Lorsque Hérodote raconte ce que lui ont dit les Barbares chez lesquels il a voyagé, il raconte des sottises ; et c’est ce que font la plupart de nos voyageurs : aussi n’exige-t-il pas qu’on le croie, quand il parle de l’aventure de Gigès et de Candaule ; d’Arion porté sur un dauphin ; et de l’oracle consulté pour savoir ce que faisait Crésus, qui répondit qu’il faisait cuire alors une tortue dans un pot couvert ; et du cheval de Darius qui, ayant henni le premier de tous, déclara son maître roi ; et de cent autres fables propres à amuser des enfants, et à être compilées par des rhéteurs : mais quand il parle de ce qu’il a vu, des coutumes des peuples qu’il a examinées, de leurs antiquités qu’il a consultées, il parle alors à des hommes.
« Il semble, dit-il au livre d’Euterpe, que les habitants de la Colchide sont originaires d’Egypte : j’en juge par moi-même plutôt que par ouï-dire ; car j’ai trouvé qu’en Colchide on se souvenait bien plus des anciens Egyptiens, qu’on ne se ressouvenait des anciennes coutumes de Colchos en Egypte.
Ces habitants des bords du Pont-Euxin prétendaient être une colonie établie par Sésostris ; pour moi, je le conjecturerais non-seulement parce qu’ils sont basanés, et qu’ils ont les cheveux frisés, mais parce que les peuples de Colchide, d’Egypte et d’Ethiopie, sont les seuls sur la terre qui se sont fait circoncire de tout temps ; car les Phéniciens, et ceux de la Palestine, avouent qu’ils ont pris la circoncision des Egyptiens. Les Syriens qui habitent aujourd’hui sur les rivages du Thermodon et de Pathenie, et les Macrons leurs voisins, avouent qu’il n’y a pas longtemps qu’ils se sont conformés à cette coutume d’Egypte ; c’est par là principalement qu’ils sont reconnus pour Egyptiens d’origine.
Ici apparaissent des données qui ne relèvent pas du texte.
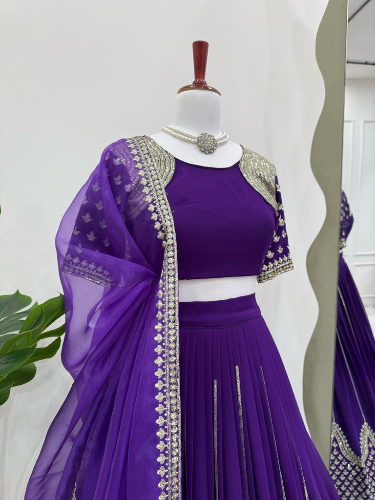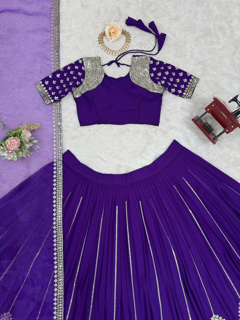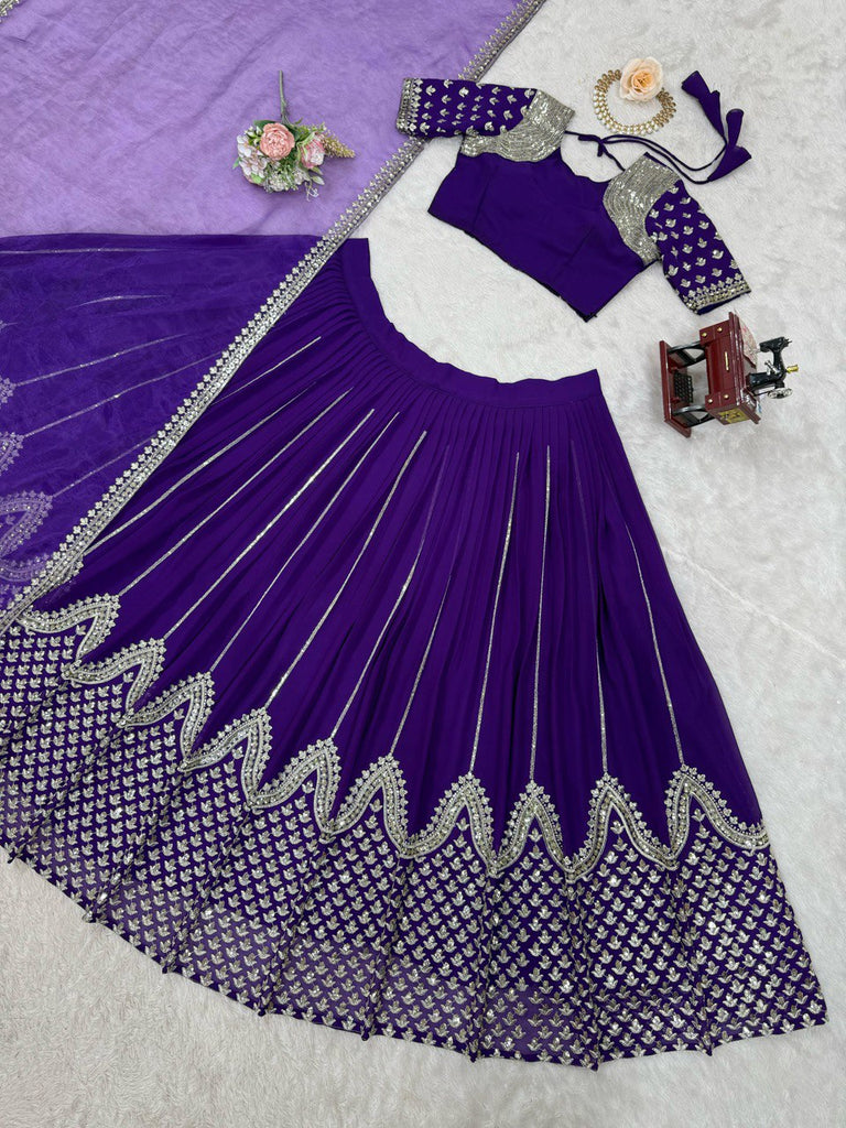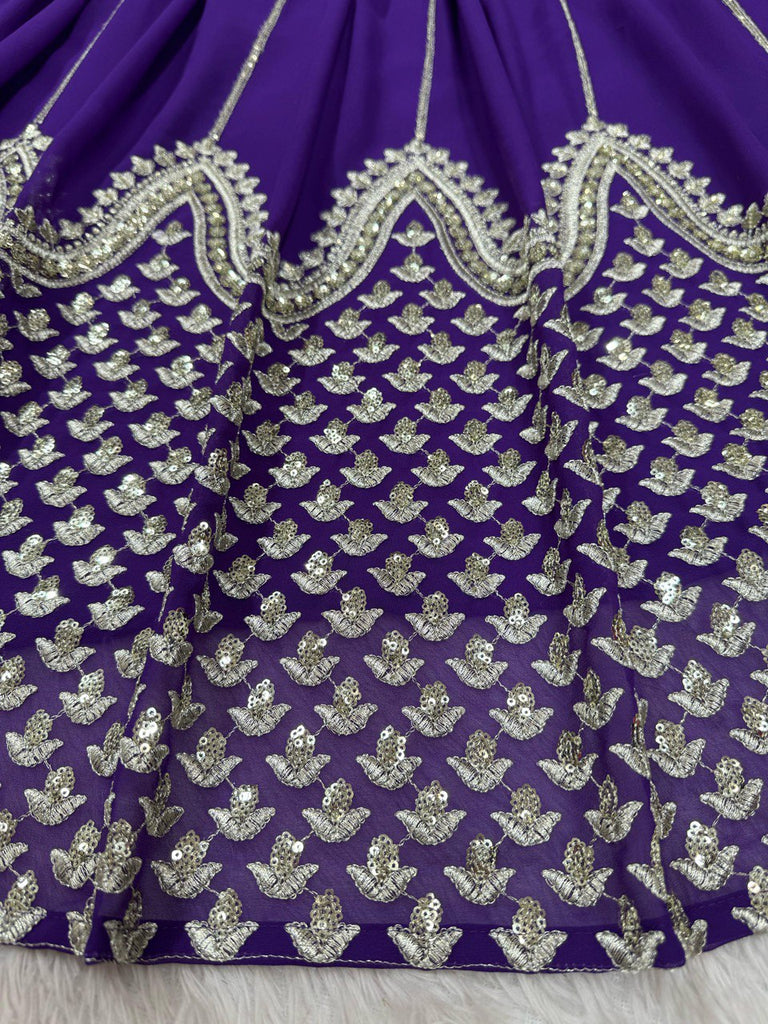Purple Graceful Faux Georgette Semi-Stitched Lehenga Choli Set with Sequin Embroidery & Dupatta

A l’égard de l’Ethiopie et de l’Egypte, comme cette cérémonie est très ancienne chez ces deux nations, je ne saurais dire qui des deux tient la circoncision de l’autre ; il est toutefois vraisemblable que les Ethiopiens la prirent des Egyptiens ; comme au contraire, les Phéniciens ont aboli l’usage de circoncire les enfants nouveau-nés, depuis qu’ils ont eu plus de commerce avec les Grecs. »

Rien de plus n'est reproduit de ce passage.